» **Your goal**
As the answer, set down the lines below from the one containing "Assim, é no" through the one containing "As described in", exactly and inclusively, and no others.

» **Entries shown**
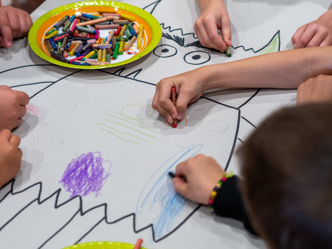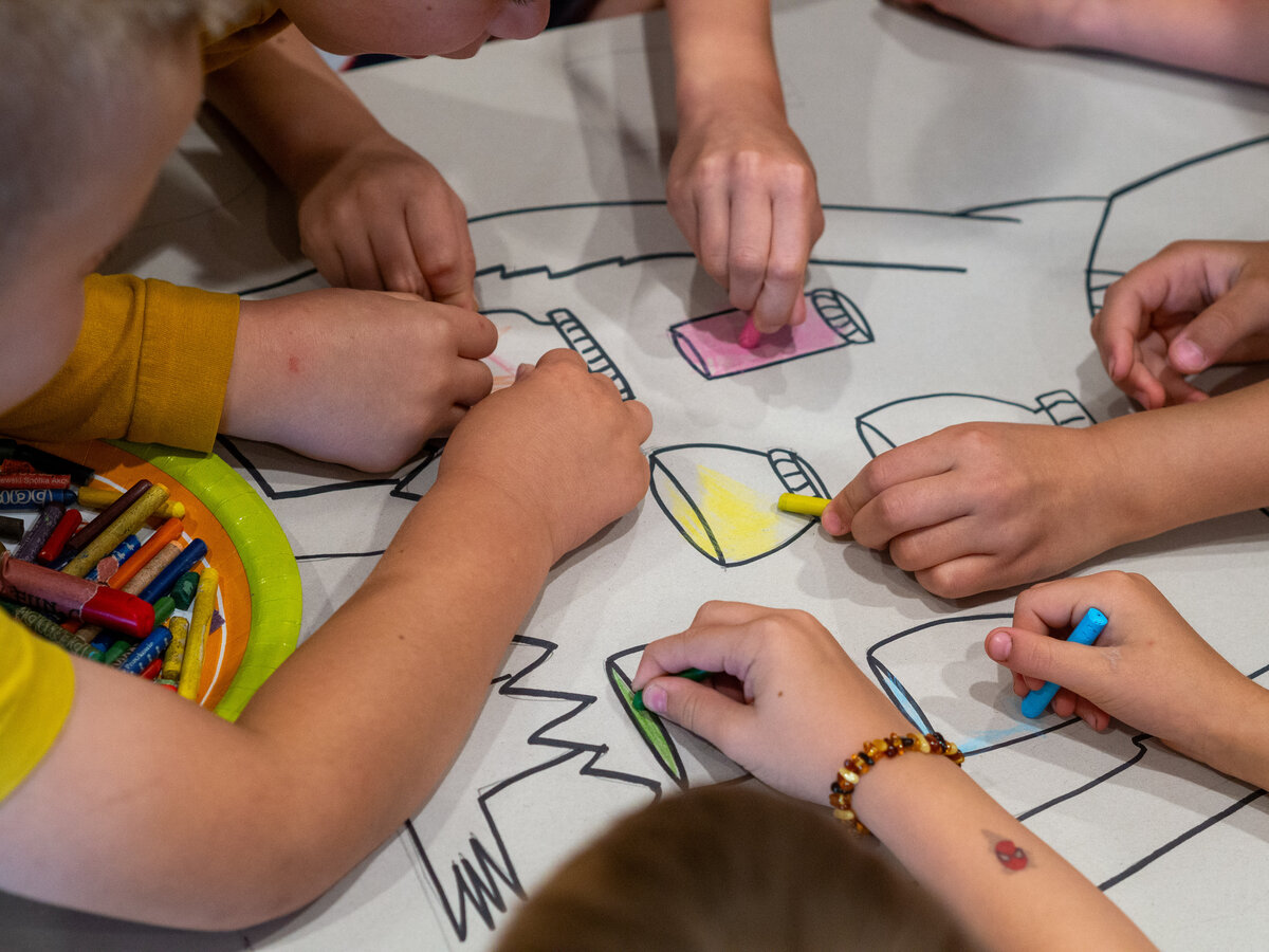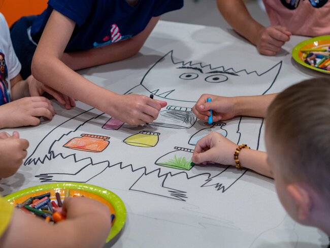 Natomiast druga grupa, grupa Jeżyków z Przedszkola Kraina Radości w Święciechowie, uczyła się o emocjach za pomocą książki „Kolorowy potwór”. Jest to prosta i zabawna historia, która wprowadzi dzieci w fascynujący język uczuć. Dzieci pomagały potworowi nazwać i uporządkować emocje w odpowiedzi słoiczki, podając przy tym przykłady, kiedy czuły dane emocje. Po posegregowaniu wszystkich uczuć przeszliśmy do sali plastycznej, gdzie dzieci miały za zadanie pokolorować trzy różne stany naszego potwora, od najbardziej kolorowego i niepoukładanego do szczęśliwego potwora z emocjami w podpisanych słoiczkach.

...

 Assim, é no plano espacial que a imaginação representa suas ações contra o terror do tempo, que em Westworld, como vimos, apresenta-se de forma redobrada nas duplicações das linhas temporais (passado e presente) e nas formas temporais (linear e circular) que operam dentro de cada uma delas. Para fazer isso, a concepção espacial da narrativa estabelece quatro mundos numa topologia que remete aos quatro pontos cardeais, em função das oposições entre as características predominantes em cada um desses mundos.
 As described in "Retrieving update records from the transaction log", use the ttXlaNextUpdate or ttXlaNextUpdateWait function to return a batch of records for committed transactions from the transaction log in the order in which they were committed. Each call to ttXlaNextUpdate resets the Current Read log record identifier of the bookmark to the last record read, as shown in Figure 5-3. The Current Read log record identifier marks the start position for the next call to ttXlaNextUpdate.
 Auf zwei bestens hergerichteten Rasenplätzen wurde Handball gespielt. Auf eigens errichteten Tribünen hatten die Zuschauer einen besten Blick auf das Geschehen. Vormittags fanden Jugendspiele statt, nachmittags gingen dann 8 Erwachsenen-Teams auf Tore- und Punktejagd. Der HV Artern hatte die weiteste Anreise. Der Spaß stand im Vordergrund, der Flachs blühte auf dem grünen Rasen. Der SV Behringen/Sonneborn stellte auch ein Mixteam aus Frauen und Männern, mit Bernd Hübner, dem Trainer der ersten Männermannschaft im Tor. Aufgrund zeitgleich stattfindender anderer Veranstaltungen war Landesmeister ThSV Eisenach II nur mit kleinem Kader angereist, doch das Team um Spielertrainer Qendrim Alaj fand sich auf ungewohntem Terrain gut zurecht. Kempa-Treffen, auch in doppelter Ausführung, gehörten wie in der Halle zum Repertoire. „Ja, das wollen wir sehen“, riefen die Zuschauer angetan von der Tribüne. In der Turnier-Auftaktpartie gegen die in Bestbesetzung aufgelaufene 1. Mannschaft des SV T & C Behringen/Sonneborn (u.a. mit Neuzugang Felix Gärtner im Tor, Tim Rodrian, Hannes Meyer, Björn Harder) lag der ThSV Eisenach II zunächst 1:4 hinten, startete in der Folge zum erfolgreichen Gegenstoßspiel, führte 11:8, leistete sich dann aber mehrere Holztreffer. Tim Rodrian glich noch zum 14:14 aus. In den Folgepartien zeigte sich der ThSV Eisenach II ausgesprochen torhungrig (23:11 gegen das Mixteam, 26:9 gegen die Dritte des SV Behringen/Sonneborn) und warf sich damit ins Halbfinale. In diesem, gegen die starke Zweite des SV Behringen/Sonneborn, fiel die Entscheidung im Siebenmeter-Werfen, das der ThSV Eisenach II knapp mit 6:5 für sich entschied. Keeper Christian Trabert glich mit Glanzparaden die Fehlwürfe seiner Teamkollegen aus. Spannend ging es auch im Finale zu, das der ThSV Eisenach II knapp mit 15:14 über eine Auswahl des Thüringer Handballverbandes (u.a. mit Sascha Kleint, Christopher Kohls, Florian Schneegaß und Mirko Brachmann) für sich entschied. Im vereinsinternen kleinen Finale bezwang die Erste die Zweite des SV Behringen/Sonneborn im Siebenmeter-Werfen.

» **Reply**
 Assim, é no plano espacial que a imaginação representa suas ações contra o terror do tempo, que em Westworld, como vimos, apresenta-se de forma redobrada nas duplicações das linhas temporais (passado e presente) e nas formas temporais (linear e circular) que operam dentro de cada uma delas. Para fazer isso, a concepção espacial da narrativa estabelece quatro mundos numa topologia que remete aos quatro pontos cardeais, em função das oposições entre as características predominantes em cada um desses mundos.
 As described in "Retrieving update records from the transaction log", use the ttXlaNextUpdate or ttXlaNextUpdateWait function to return a batch of records for committed transactions from the transaction log in the order in which they were committed. Each call to ttXlaNextUpdate resets the Current Read log record identifier of the bookmark to the last record read, as shown in Figure 5-3. The Current Read log record identifier marks the start position for the next call to ttXlaNextUpdate.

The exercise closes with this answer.